§ Collected material:
********

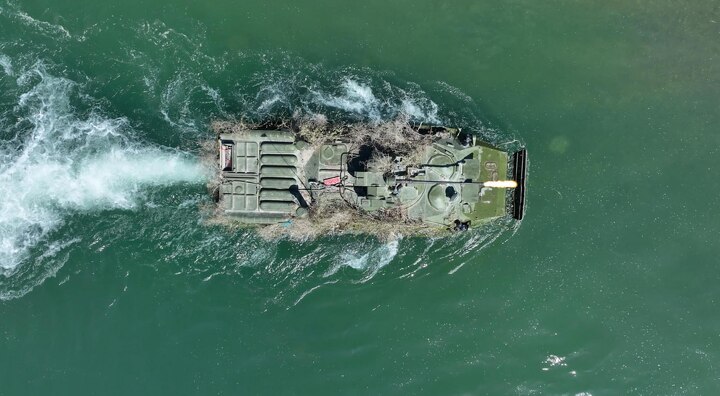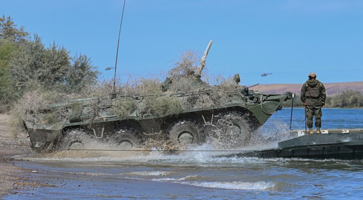 Бригадные тактические группы Десантно-штурмовых войск при поддержке авиации, а также во взаимодействии с подразделениями Сухопутных войск и ССО отработали тактические действия по захвату назначенного рубежа противника на противоположном берегу с преодолением водной преграды.
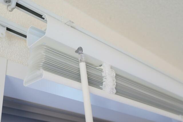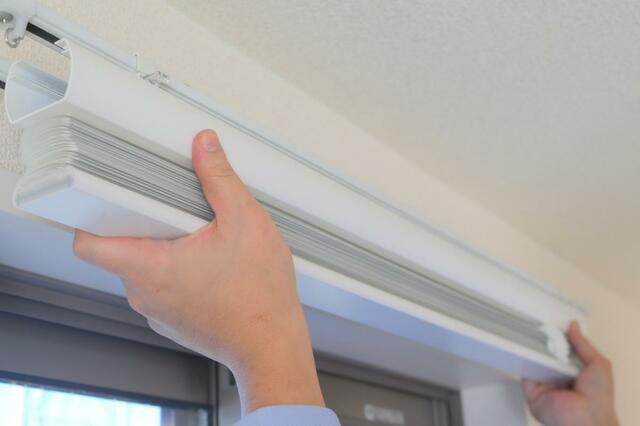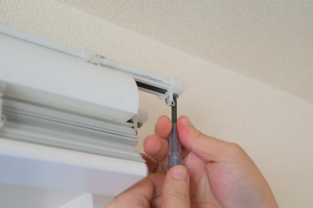 最後に、外したレールの金具を元の位置に取り付け、ブラインドの昇降に使う取手をカチャッと付けたら完成です!
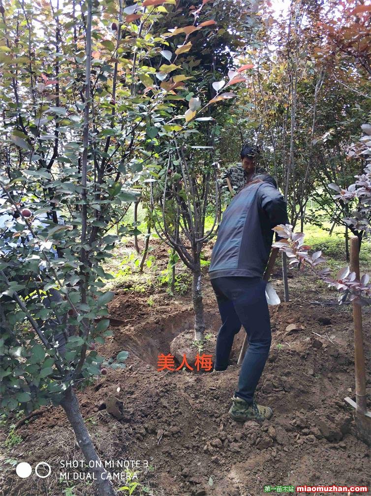 帥意苗圃種植中心位于美麗的泰山腳下交通便利,有600畝美人梅無病蟲害樹干端正, 美人梅(學名:Prunus × blireana cv. Meiren):落葉小喬木或灌木,法國引進。由重瓣粉型梅花與紅葉李雜交而成。落葉小喬木。葉片卵圓形,長5~9厘米,葉柄長1-1.5厘米,葉緣有細鋸齒,葉被生有短柔毛,花色淺紫,重瓣花,先葉開放,萼筒寬鐘狀,萼片5枚,近圓形至扁圓,花瓣15-17枚,小瓣5-6梅,花梗1.5厘米,雄蕊多數(shù),自然花期自3月...朵花開以后,逐次自上而下陸續(xù)開放至4月中旬。紫紅色?;ǚ奂t色,繁密,先花后葉?;ㄆ诖杭尽O碴柟獬渥?、通風良好、開闊的環(huán)境。要求土層深厚、排水良好、富含有機質(zhì)的土壤。嫁接、壓條、扦插繁殖。優(yōu)良的園林觀賞、環(huán)境綠化的樹種。

********

§ Prompt: Please write out only the material above, exactly, from its first line through the line that contains "最後に、外したレールの金具を", and include no pictures.

§ Answer to this task:
 Бригадные тактические группы Десантно-штурмовых войск при поддержке авиации, а также во взаимодействии с подразделениями Сухопутных войск и ССО отработали тактические действия по захвату назначенного рубежа противника на противоположном берегу с преодолением водной преграды.
 最後に、外したレールの金具を元の位置に取り付け、ブラインドの昇降に使う取手をカチャッと付けたら完成です!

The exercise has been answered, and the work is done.